Copy out exactly, from the entries that follow, the line holding "В следующей строке", the line holding "- [Верх. колонтитул]: введите", and all lines between them, but no pictures.

### Data for review
::::::::::
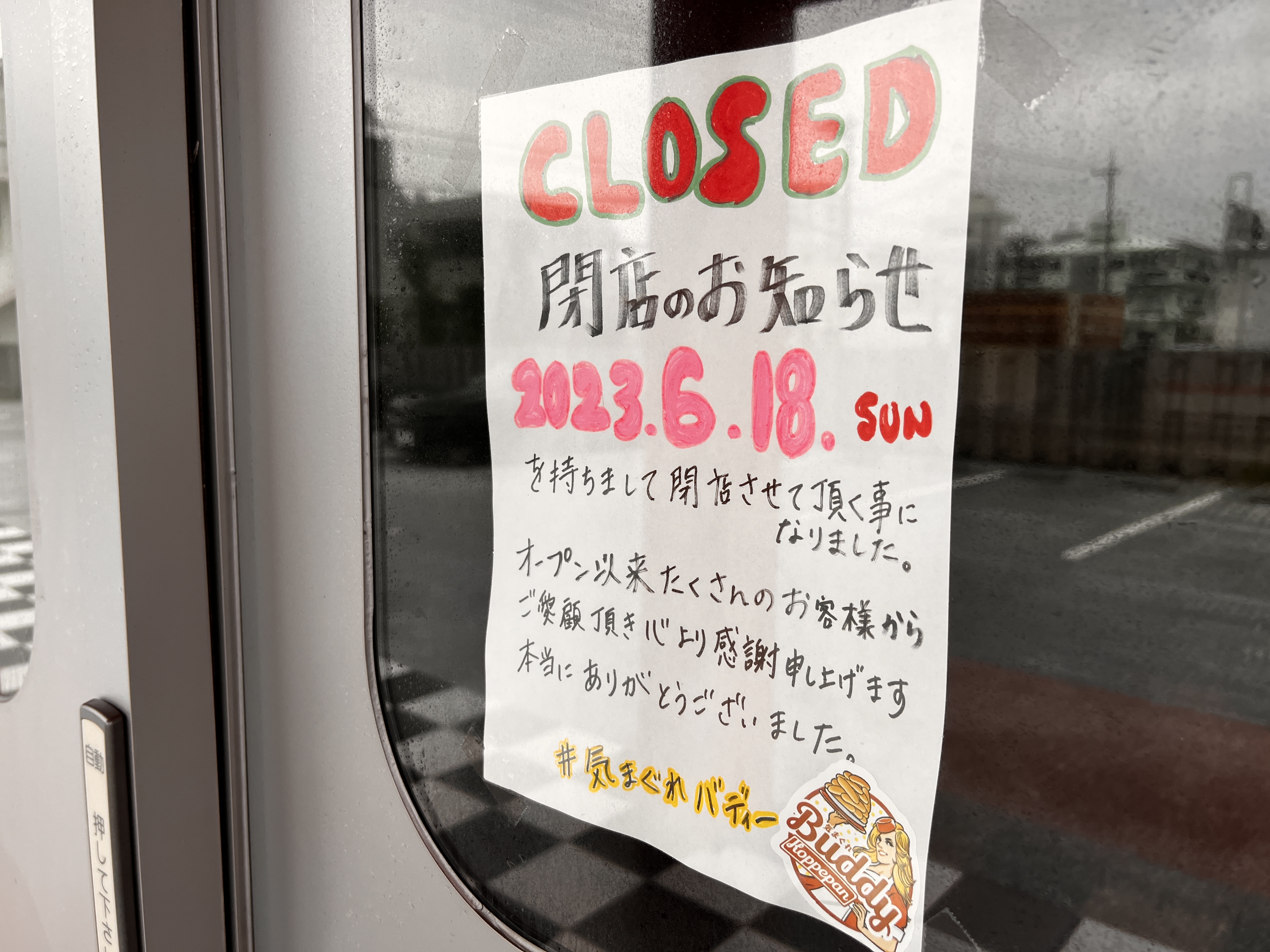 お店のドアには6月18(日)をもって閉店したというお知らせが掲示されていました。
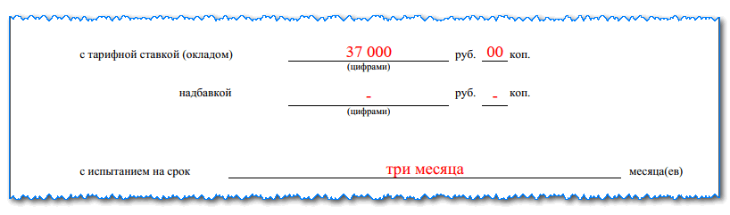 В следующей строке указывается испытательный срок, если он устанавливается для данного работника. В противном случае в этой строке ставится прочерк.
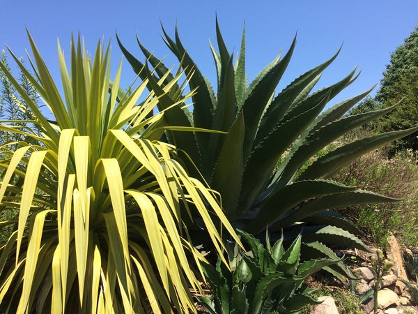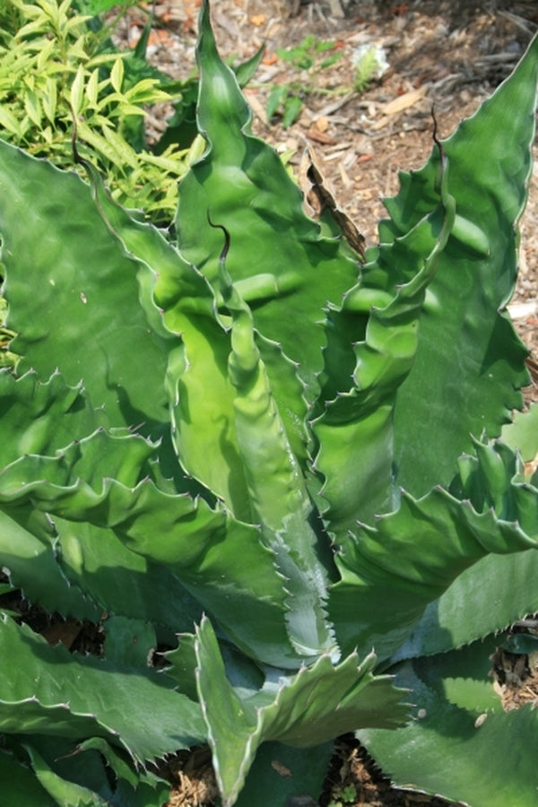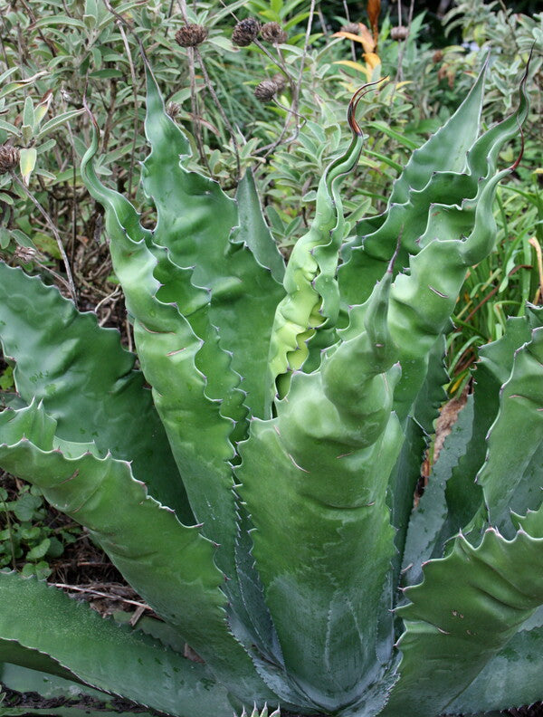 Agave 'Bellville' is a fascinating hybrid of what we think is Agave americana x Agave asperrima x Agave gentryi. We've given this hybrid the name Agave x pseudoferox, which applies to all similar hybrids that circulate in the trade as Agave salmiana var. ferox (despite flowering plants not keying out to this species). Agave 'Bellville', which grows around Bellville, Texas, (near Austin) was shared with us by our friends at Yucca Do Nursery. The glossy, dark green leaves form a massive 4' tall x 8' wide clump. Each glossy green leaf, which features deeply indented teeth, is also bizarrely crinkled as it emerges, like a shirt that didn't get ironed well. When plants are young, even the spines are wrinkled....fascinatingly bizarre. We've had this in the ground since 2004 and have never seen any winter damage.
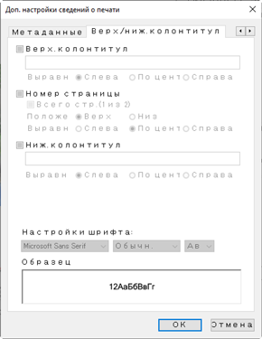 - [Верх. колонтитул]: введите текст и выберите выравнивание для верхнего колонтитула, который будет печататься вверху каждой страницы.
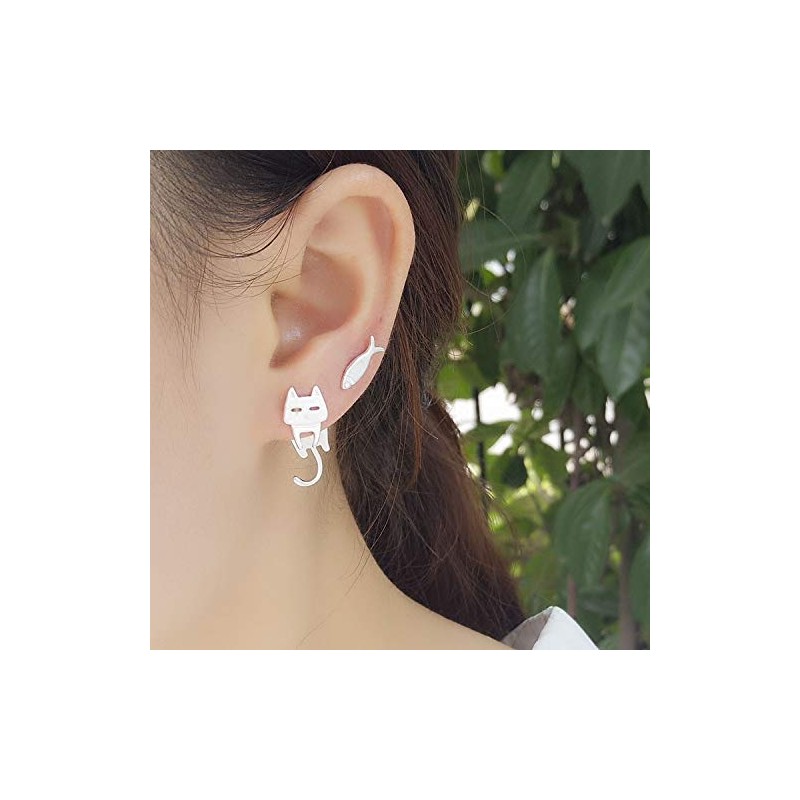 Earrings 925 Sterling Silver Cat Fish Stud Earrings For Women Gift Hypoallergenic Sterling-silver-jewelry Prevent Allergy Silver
::::::::::
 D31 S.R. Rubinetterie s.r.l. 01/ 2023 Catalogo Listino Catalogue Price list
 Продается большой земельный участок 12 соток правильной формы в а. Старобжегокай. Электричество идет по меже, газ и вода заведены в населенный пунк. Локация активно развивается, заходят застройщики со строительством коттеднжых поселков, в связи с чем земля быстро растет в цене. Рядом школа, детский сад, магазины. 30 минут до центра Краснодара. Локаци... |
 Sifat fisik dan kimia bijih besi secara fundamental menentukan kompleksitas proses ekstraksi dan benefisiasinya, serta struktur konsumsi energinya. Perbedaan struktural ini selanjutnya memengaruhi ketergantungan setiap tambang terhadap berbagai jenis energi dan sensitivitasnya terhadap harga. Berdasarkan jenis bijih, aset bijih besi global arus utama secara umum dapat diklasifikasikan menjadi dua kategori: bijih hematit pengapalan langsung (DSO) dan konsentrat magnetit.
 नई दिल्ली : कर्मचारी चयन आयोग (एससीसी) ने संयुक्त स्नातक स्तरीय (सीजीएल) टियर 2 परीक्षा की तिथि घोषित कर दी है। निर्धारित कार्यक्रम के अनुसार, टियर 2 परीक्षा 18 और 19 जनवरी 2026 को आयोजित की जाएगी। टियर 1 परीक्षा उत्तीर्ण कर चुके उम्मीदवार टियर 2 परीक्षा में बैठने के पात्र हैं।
::::::::::
### Output for this exercise
 В следующей строке указывается испытательный срок, если он устанавливается для данного работника. В противном случае в этой строке ставится прочерк.
 Agave 'Bellville' is a fascinating hybrid of what we think is Agave americana x Agave asperrima x Agave gentryi. We've given this hybrid the name Agave x pseudoferox, which applies to all similar hybrids that circulate in the trade as Agave salmiana var. ferox (despite flowering plants not keying out to this species). Agave 'Bellville', which grows around Bellville, Texas, (near Austin) was shared with us by our friends at Yucca Do Nursery. The glossy, dark green leaves form a massive 4' tall x 8' wide clump. Each glossy green leaf, which features deeply indented teeth, is also bizarrely crinkled as it emerges, like a shirt that didn't get ironed well. When plants are young, even the spines are wrinkled....fascinatingly bizarre. We've had this in the ground since 2004 and have never seen any winter damage.
 - [Верх. колонтитул]: введите текст и выберите выравнивание для верхнего колонтитула, который будет печататься вверху каждой страницы.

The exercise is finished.